The value of r ranges between -1 (inverted spectra) and +1 (identical spectra). This correlation coefficient r will be calculated into a percentage and reflects the similarity of the two spectra. The correlation coefficients in the range of 6500 cm-1~ 5500 cm-1 were used to illuminate whether the spectral preprocessing method can reduce the effect of crystallinity.

The samples with different crystallinity were added to the calibration set of the NIR universal quantitative model of ceftriaxone sodium for injection [17]. The PLS loading factors were compared to the spectrum of 100% crystallinity of ceftriaxone sodium.

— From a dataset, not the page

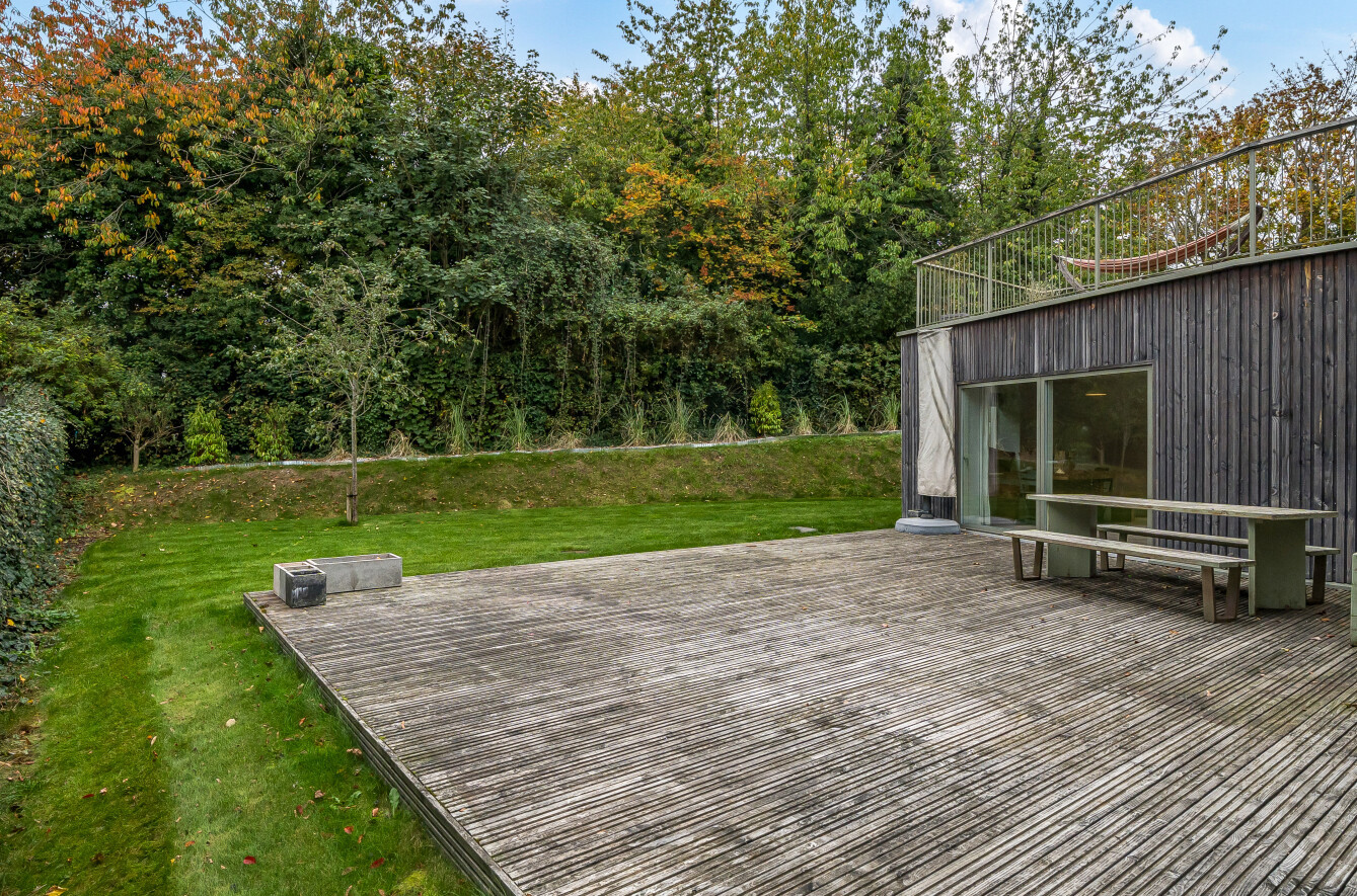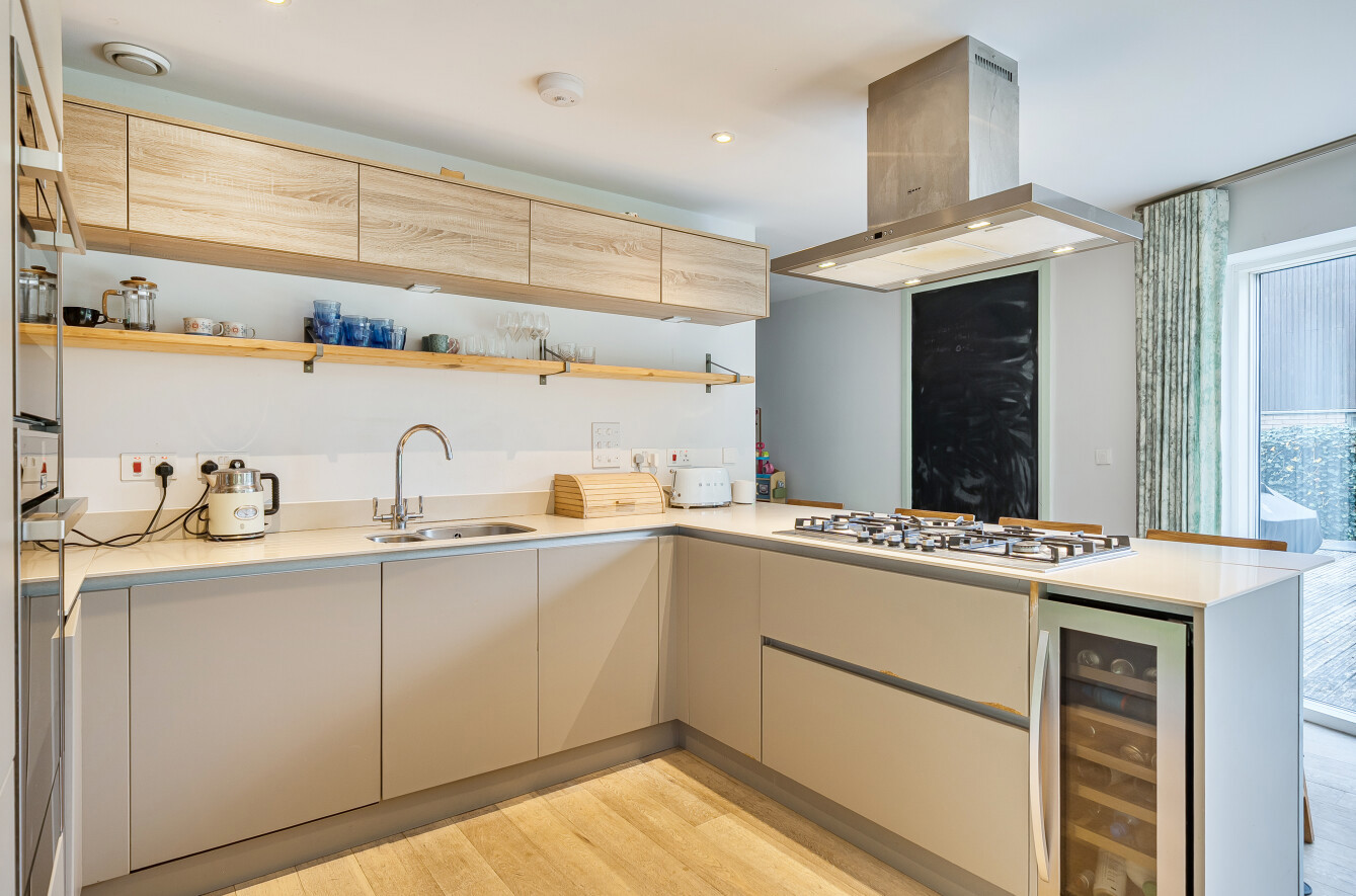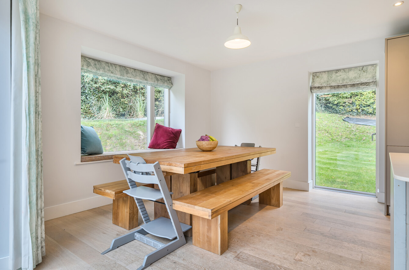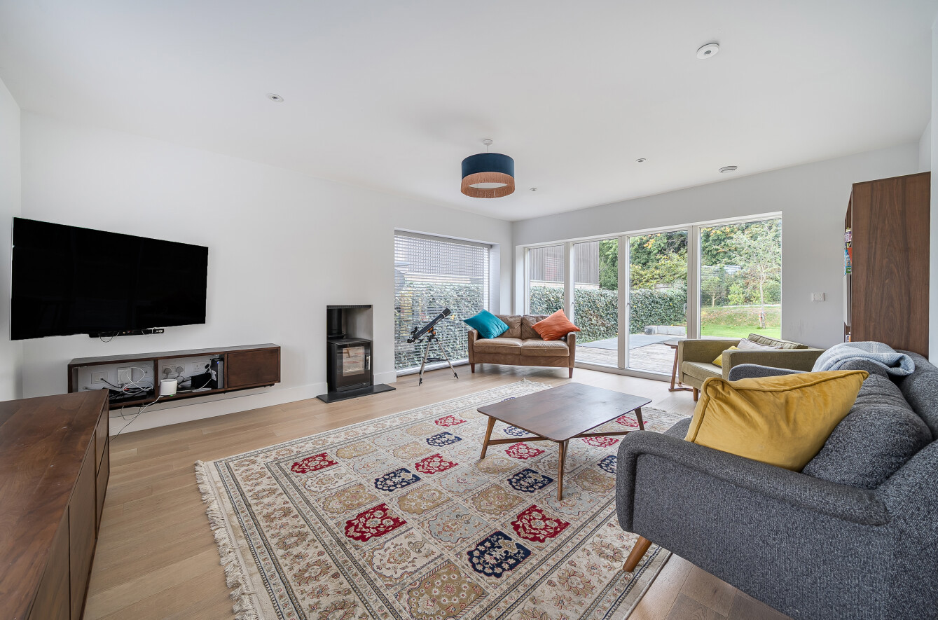 At the heart of the home lies a stunning open-plan kitchen and dining area, flooded with natural light through full-height glazing that opens directly onto a private garden and decked terrace — perfect for relaxed family living and entertaining. The bright sitting room offers a calm, welcoming atmosphere with wide sliding doors that connect seamlessly to the garden, while a versatile study or hobby room provides an ideal space for home working or creative pursuits.

Validation of functions to reduce artifact effects

The NIR quantitative model of cefuroxime sodium for injection shown in Table 1 was used to reconstruct some new models. The calibration set, the wavelength range and the algorithm of the new models were as same as the original one, only the spectral preprocessing method was changed. One batch of cefuroxime sodium (content 91.7% with HPLC) was firstly put into 20 different ordinary commercial glass vials collected from market, measured the NIR spectra, and predicted their contents with these different new quantitative models. Then, the same batch of cefuroxime sodium was used to create three samples that differed in their particle size by passing it through a series of sieves. One sample passed through a sieve with an aperture size of 500 µm but not through a 180 µm sieve, the second passed through a 180 µm sieve but not through a 75 µm sieve, and the third passed through a 75 µm sieve but not through a 45 µm sieve. These were then put into the standard glass vials and the NIR spectra were measured and predicted their contents with the different new quantitative models. The root mean square error of prediction (RMSEP) was used to assess the effects of the preprocessing methods.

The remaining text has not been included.